Still, she says she loved visiting her grandparents and helping on their farms. During her youth, Bridges’s immediate family moved to New Orleans, but she spent summers on a vegetable and dairy farm owned by her grandparents. She remembers, “All summer long, my grandmother organized my cousins and me into work shifts, heading into the fields to pick beans or cucumbers or helping in the kitchen with the cooking and canning” (6). Despite the demanding schedule for a child, she also says, “I was tired, yet happier than at any other time of my life” and calls those summers a “gift” (6).
Bridges discusses New Orleans, where her family moved when she was four. They moved to a Black neighborhood and lived among others who “had left farms in Louisiana or Mississippi to make a better living in the city” (8). The large family rented a small apartment in a house. Bridges fondly remembers the kitchen and her mother’s decadent Southern cooking. Bridges says her “world in those days was comfortable and safe” (8). She played with siblings and neighborhood children in their house and on their street with little exposure to other city sites.
She also elaborates on her parents, saying neither received much formal education and noting that they had to work hard in manual labor jobs to support the family. Their jobs ranged from cleaning hotel rooms to building caskets. Bridges also stresses that Christianity was central to her family life, and especially enforced by her mother. Her mother, she says, was strict and doled out chores, and the children obeyed and loved her.
The first section of the book provides background on both the small-scale and large-scale stories that are important to the book. At the broadest level is the Civil Rights Movement, particularly in the realm of education. Since chapters are short (typically only two pages) and the book is intended for a young audience, Bridges does not go into detail about the legal battles and activism that characterized the effort to integrate Southern schools. She does allude to the Brown v. Board of Education Supreme Court case that determined school segregation to be unconstitutional and to the “Little Rock Nine,” Black students who integrated a high school in 1957 in Arkansas. As a child, Bridges had severely limited knowledge of or context for civil rights efforts, although she was to become a central figure in the movement at just six years old.
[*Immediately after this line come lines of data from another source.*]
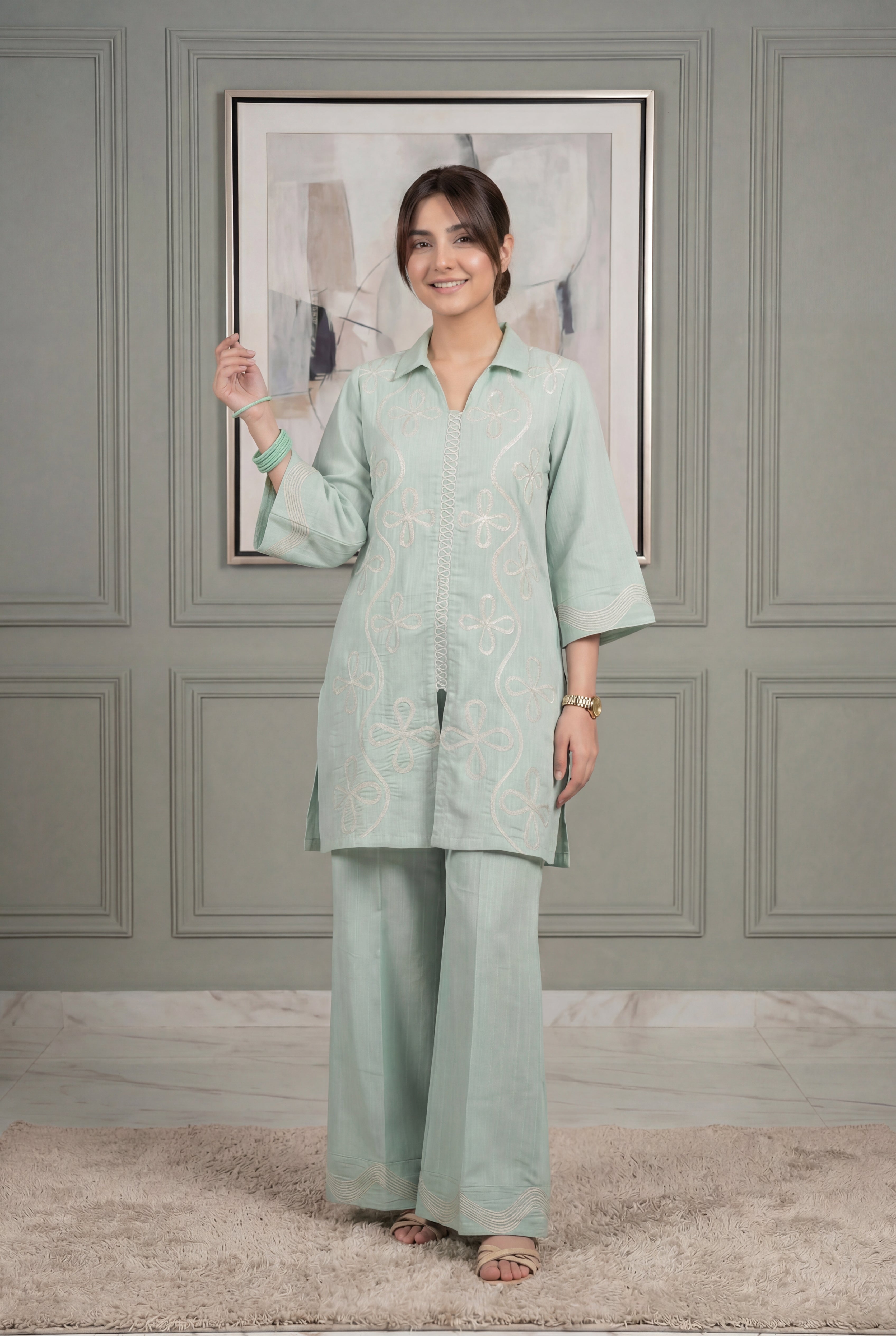 Shirt Style: Short-length A-line shirt featuring elegant floral embroidery on the front with a detailed embroidered neckline and loose bell sleeves for a graceful look.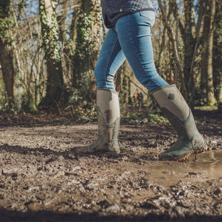 Stretch-fit topline binding snugs leg to keep warmth in and cold out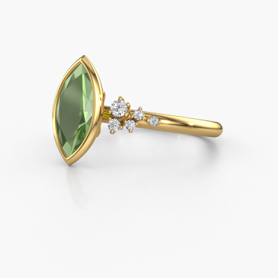 This 14 Carat gold ring is called Aliyah MRQ and is set with 11x5.5 mm tourmaline green. Are you looking for a trendy gold engagement ring which you can customize to your own liking? This trendy engagement ring is set with tourmaline green which is carefully selected for this specific ring in order to create the best effect. Our expert goldsmith will create your ring in our own crafting studio, where the tourmaline green will be set with great care. The ring will then be polished till it shines perfectly. Nothing but the best for the love of your life! The great thing about our online tool is, that you can compile your own jewellery into a unique, personalized piece. Each piece of jewellery is made by a team of passionate goldsmiths and jewel designers. This will make your crown jewel truly eye-catching.By using our modern techniques, we can design and customize the finest quality jewels with the utmost care for you. Our engagement rings are always priced 30 percent lower than other jewellers. We make engagement rings to order so we don't have to maintain a large stock. If you have a certain budget, we are more than happy to advice you accordingly.Our designers and goldsmiths work together each day, creating new jewels. Perhaps you have found a nice trendy engagement ring somewhere, which can be used to customize your unique ring. Please feel free to contact us. We will make you an offer, based on a fair price/ quality ratio, which will amaze you.To make it easier for you, we offer a 30 day return policy. Check our terms and conditions.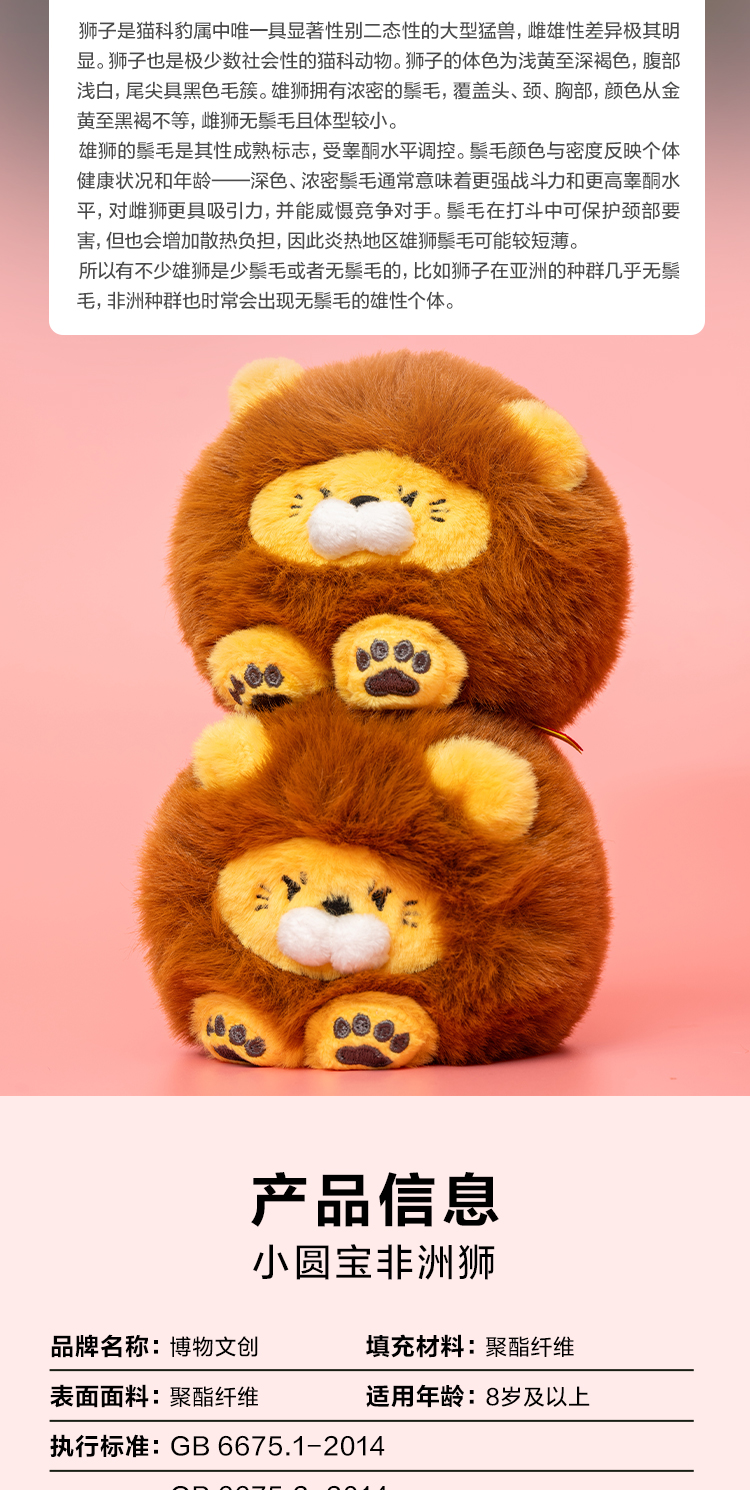 博物文创 小圆宝 非洲狮 毛绒玩具挂件 节日礼物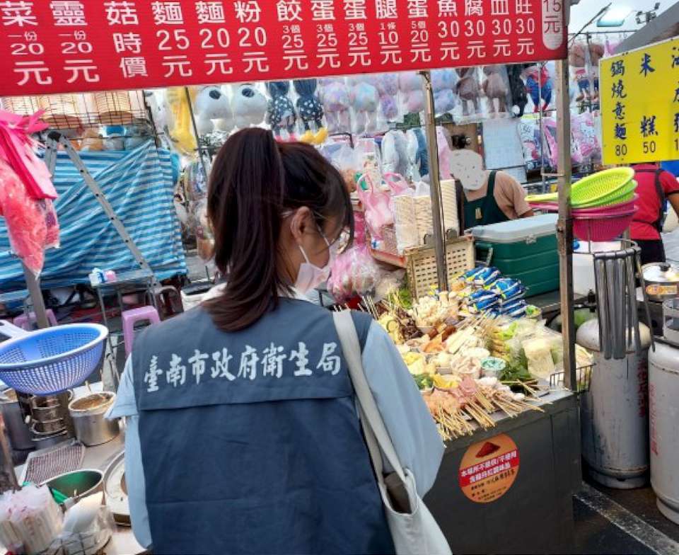 台南市衛生局查核「本場所不提供/不使用含蘇丹紅調味品」標章張貼成效。翻攝台南市政府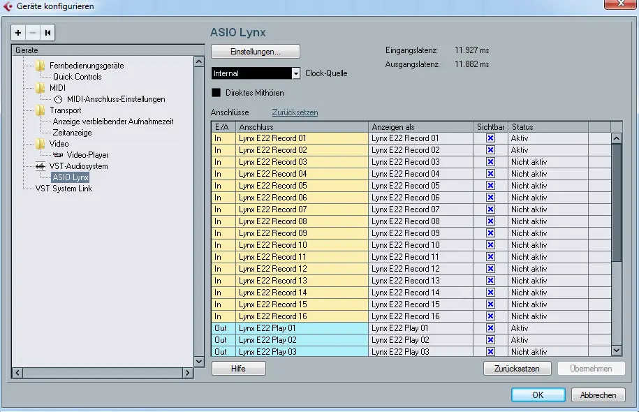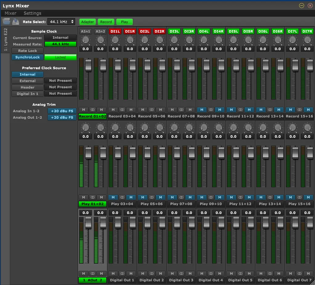 With the default Lynx mixer settings i can only record from the Analog input.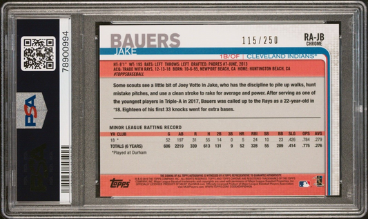 Jake Bauers -PSA 10 AUTO - 2019 Topps Chrome Rookie #RA-JB Purple Refractor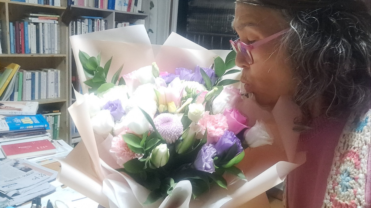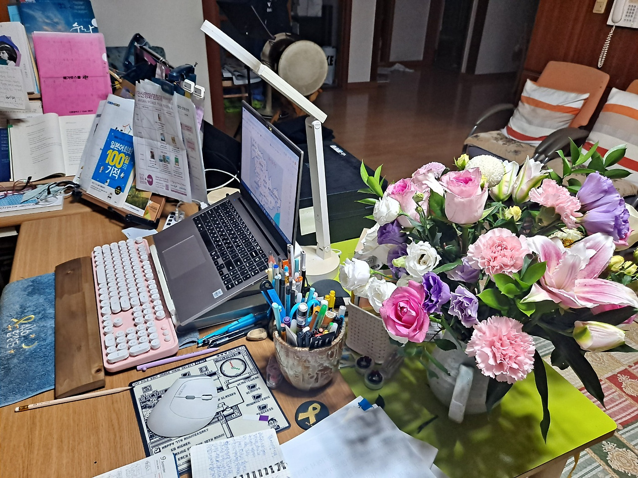 결혼 34주년 기념으로 덕이한테 받은 꽃을 두고 떠난다. 책상 한 켠 꽃병에 꽂혀 한껏 향기를 뿜뿜하고 있는데, 두고 가자니 아쉽다. 기념일 꽃값을 아끼지 않는 덕이다. 여행 떠날 건데 덕이 꽃을 사게 두는 게 맞나 0.1초 고민 안한 건 아니다. 말릴까 하고 말이다. 그러나 아니었다. 꽃이란 그런 것. 살면서 오직 하나의 사치요 찰나를 위해 낭비하는 기쁨이다. 쓸모없음의 쓸모라했다.

She describes the Civil Rights Movement in retrospect as the moment when “African Americans […] dared at last to demand equal treatment as American citizens” (4).
On the smaller scale is the story of Ruby Bridges herself. By her own account, she was a healthy and happy child living in a way typical to many of her Black peers in the 1950s. She did chores in her city home and helped tend the farm and additional chores at her grandparents’ homes, but she apparently did this work without complaint and with great fondness. Her obedient behavior remains important to her story going forward, as does her childhood innocence. Playing with friends, helping around the house, and being among peers like herself characterized the early part of Bridges’s life, though some of those elements would soon change drastically.
Large photographs and short excerpts and quotes from relevant historical sources supplement the first-person account that Bridges delivers. In this section, there are pictures of the Little Rock Nine being escorted through an angry mob to their previously all-white high school, of sharecroppers bent over at work in a cotton field, and the Mardi Gras parade in New Orleans. Small blurbs appear from the published Brown v. Board of Education decision and a from Ruby Bridges’s mother: “On the day before Ruby was born, I carried 90 pounds of cotton on my back. I wanted a better life for Ruby” (7).